*** The input ***
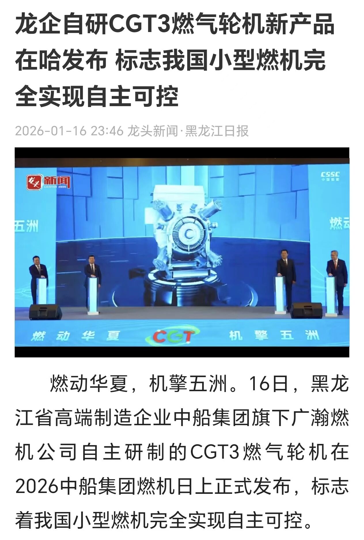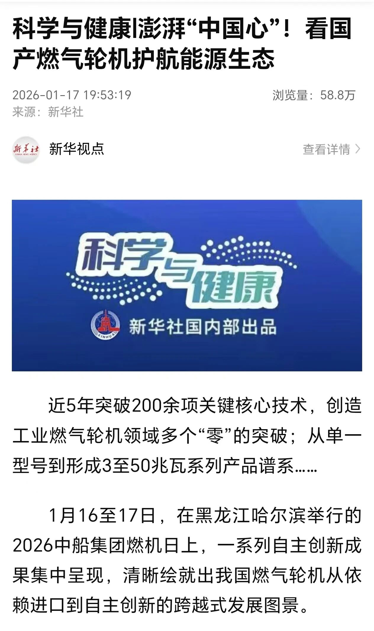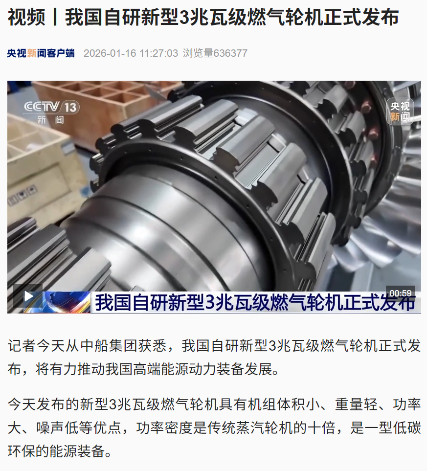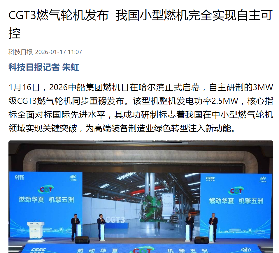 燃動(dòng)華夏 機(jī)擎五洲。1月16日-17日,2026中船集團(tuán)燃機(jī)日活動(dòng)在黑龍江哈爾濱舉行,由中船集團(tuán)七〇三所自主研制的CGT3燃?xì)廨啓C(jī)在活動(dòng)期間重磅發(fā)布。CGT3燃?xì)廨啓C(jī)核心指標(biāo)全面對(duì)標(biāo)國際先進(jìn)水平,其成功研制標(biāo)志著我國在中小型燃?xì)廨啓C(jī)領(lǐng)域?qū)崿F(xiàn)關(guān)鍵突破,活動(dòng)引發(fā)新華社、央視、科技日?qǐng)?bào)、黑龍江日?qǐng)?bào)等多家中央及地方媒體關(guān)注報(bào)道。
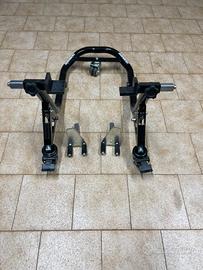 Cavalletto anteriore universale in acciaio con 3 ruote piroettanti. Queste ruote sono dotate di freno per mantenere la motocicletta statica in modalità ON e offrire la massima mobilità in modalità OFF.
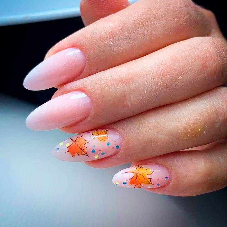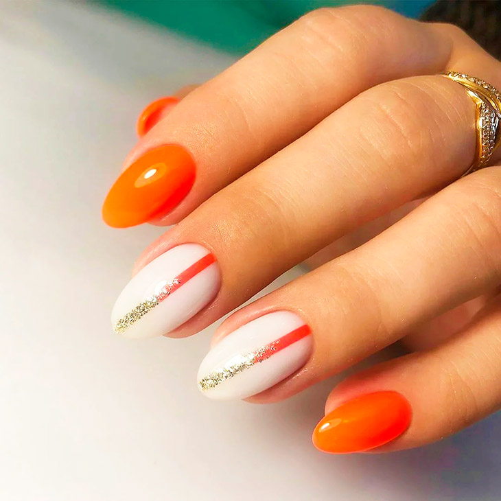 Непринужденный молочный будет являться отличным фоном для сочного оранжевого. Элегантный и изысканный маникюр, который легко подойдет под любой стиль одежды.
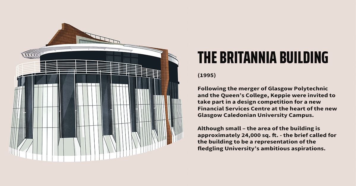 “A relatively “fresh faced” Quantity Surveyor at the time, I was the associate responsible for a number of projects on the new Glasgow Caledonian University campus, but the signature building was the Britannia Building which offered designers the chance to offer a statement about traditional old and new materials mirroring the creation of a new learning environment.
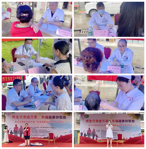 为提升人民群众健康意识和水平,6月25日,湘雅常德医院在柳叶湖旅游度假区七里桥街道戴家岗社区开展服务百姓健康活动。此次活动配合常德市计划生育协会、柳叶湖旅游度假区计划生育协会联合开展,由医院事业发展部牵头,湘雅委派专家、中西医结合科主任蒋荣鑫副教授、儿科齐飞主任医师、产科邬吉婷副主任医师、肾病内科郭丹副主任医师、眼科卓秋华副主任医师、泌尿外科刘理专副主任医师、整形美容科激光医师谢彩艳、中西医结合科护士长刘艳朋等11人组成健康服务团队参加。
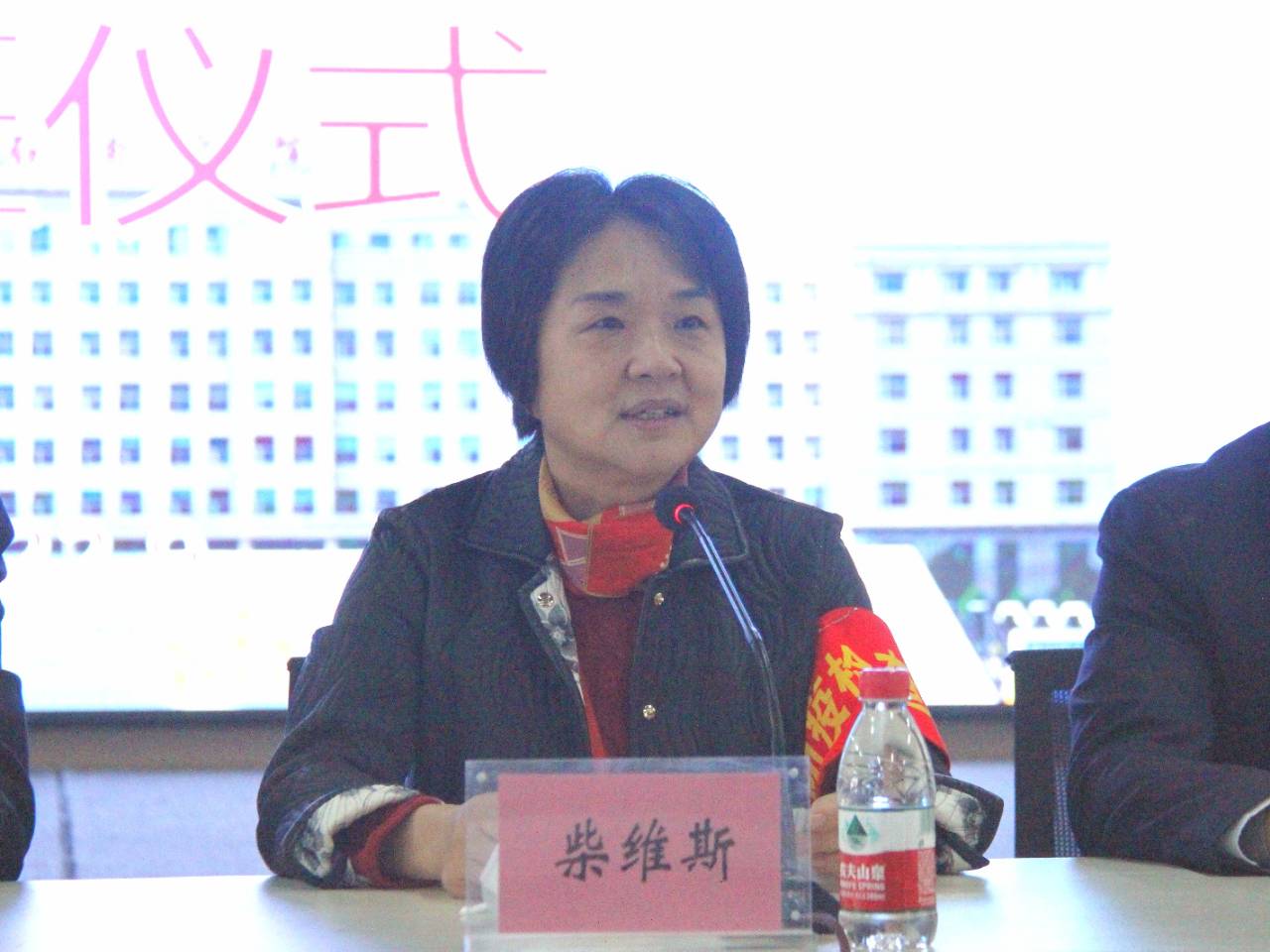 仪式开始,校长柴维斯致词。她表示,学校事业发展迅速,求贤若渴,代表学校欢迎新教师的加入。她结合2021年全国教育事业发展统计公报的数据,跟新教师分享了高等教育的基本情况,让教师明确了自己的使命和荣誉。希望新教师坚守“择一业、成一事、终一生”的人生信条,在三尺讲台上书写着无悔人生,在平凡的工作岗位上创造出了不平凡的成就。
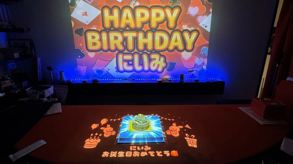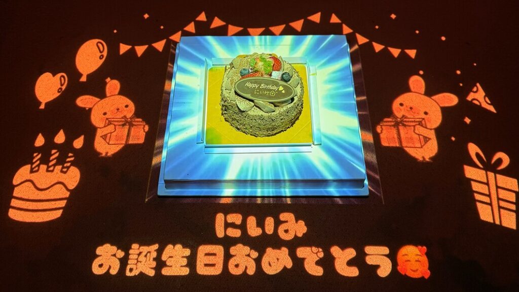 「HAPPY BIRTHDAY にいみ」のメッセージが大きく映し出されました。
***
*** The input ***
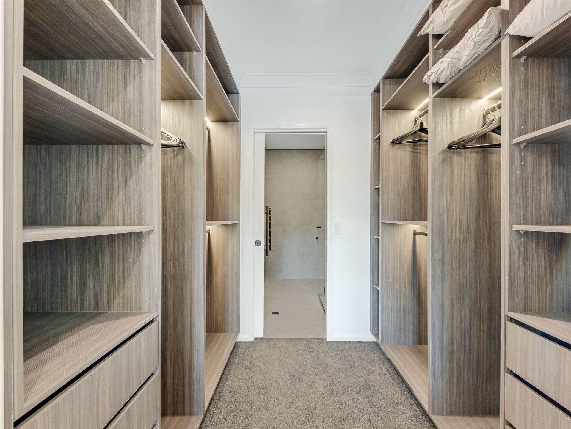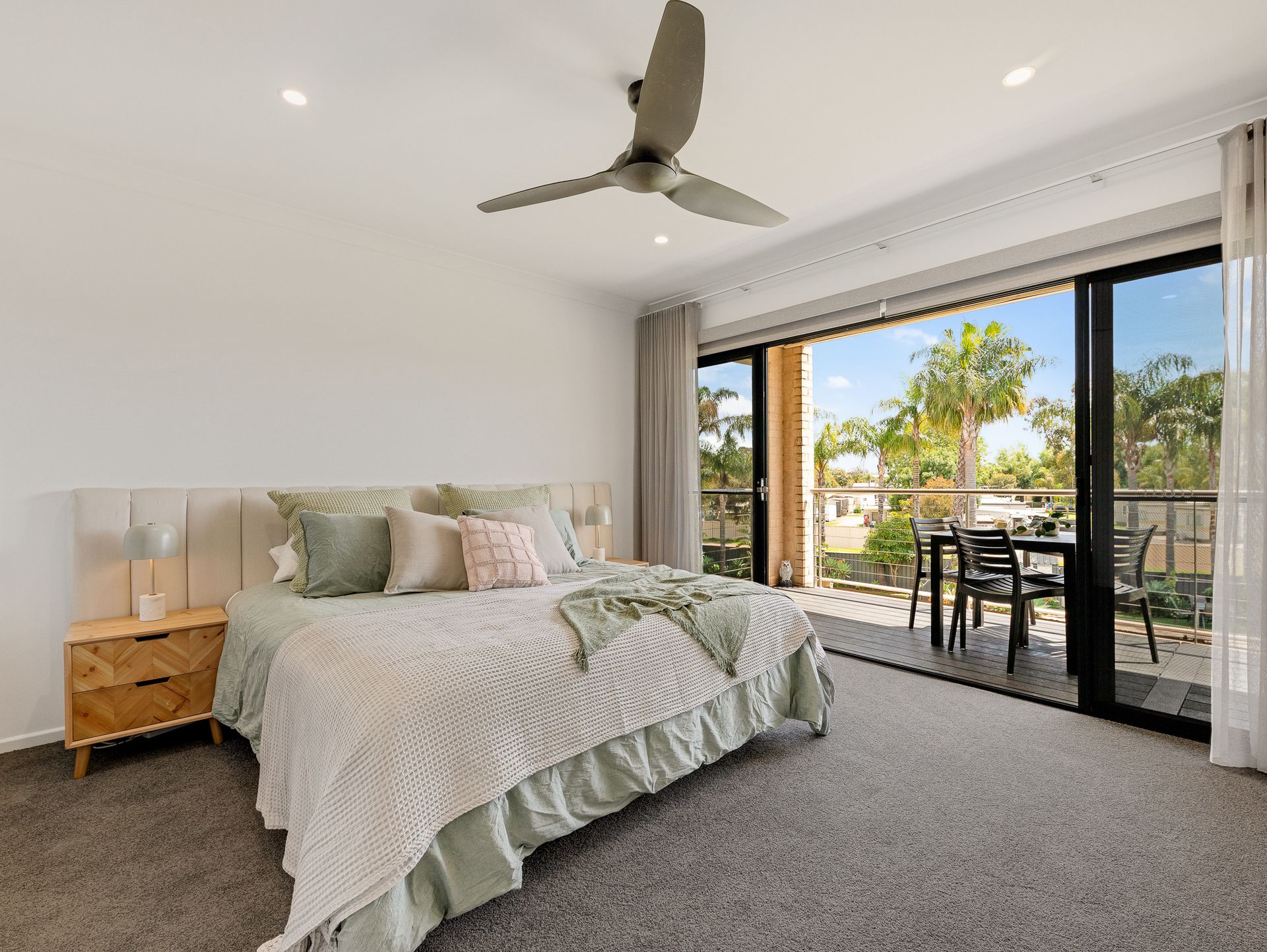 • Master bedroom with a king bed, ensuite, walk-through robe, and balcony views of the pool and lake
***
*** The input ***
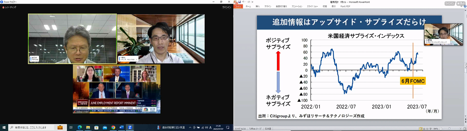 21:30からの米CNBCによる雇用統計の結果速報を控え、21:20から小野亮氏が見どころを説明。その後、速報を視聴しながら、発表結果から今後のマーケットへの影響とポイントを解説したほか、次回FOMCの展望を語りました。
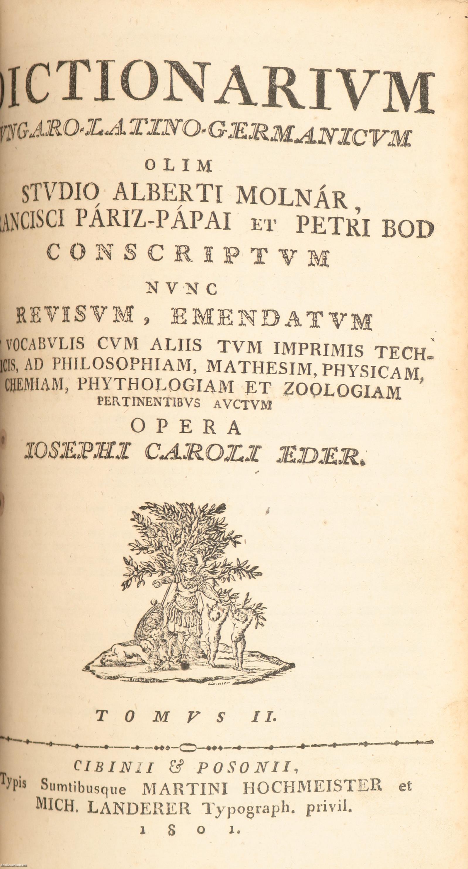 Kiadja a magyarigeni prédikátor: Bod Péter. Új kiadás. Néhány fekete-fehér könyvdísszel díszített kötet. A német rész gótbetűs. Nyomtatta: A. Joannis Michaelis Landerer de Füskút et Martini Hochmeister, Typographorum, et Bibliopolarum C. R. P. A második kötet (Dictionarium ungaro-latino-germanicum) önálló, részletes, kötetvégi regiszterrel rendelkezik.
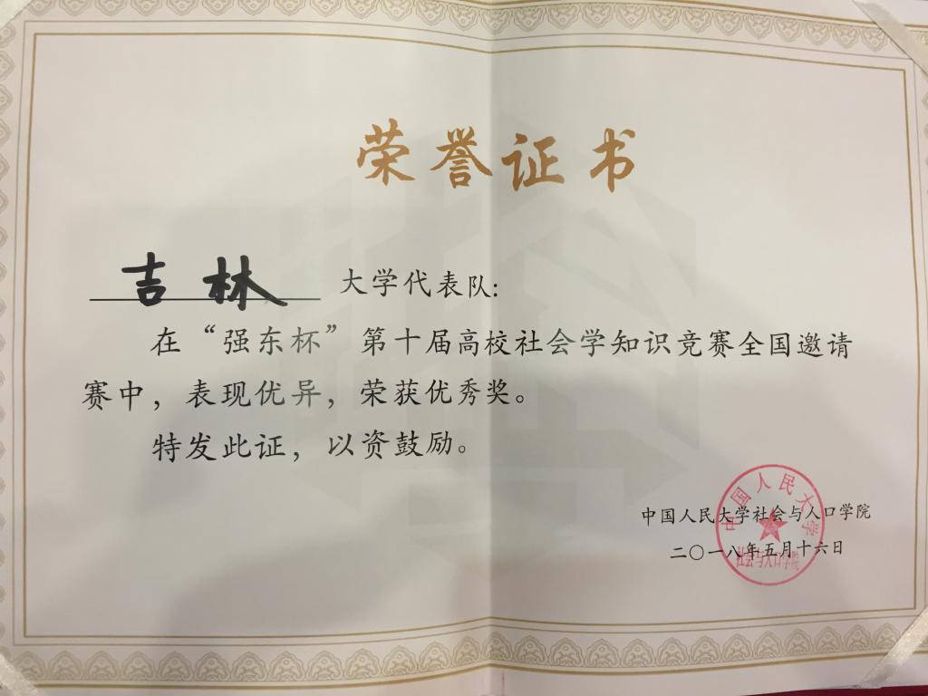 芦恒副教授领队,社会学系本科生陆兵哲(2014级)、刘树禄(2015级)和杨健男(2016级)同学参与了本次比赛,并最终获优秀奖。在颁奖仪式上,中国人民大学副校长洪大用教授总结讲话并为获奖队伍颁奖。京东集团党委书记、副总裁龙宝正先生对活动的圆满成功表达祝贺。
***
▶ Work task: Print nothing but the lines above starting with the line that contains "燃動(dòng)華夏 機(j" and going on through the line that contains "Cavalletto anteriore universale". Leave out the pictures.

▶ Task response:
 燃動(dòng)華夏 機(jī)擎五洲。1月16日-17日,2026中船集團(tuán)燃機(jī)日活動(dòng)在黑龍江哈爾濱舉行,由中船集團(tuán)七〇三所自主研制的CGT3燃?xì)廨啓C(jī)在活動(dòng)期間重磅發(fā)布。CGT3燃?xì)廨啓C(jī)核心指標(biāo)全面對(duì)標(biāo)國際先進(jìn)水平,其成功研制標(biāo)志著我國在中小型燃?xì)廨啓C(jī)領(lǐng)域?qū)崿F(xiàn)關(guān)鍵突破,活動(dòng)引發(fā)新華社、央視、科技日?qǐng)?bào)、黑龍江日?qǐng)?bào)等多家中央及地方媒體關(guān)注報(bào)道。
 Cavalletto anteriore universale in acciaio con 3 ruote piroettanti. Queste ruote sono dotate di freno per mantenere la motocicletta statica in modalità ON e offrire la massima mobilità in modalità OFF.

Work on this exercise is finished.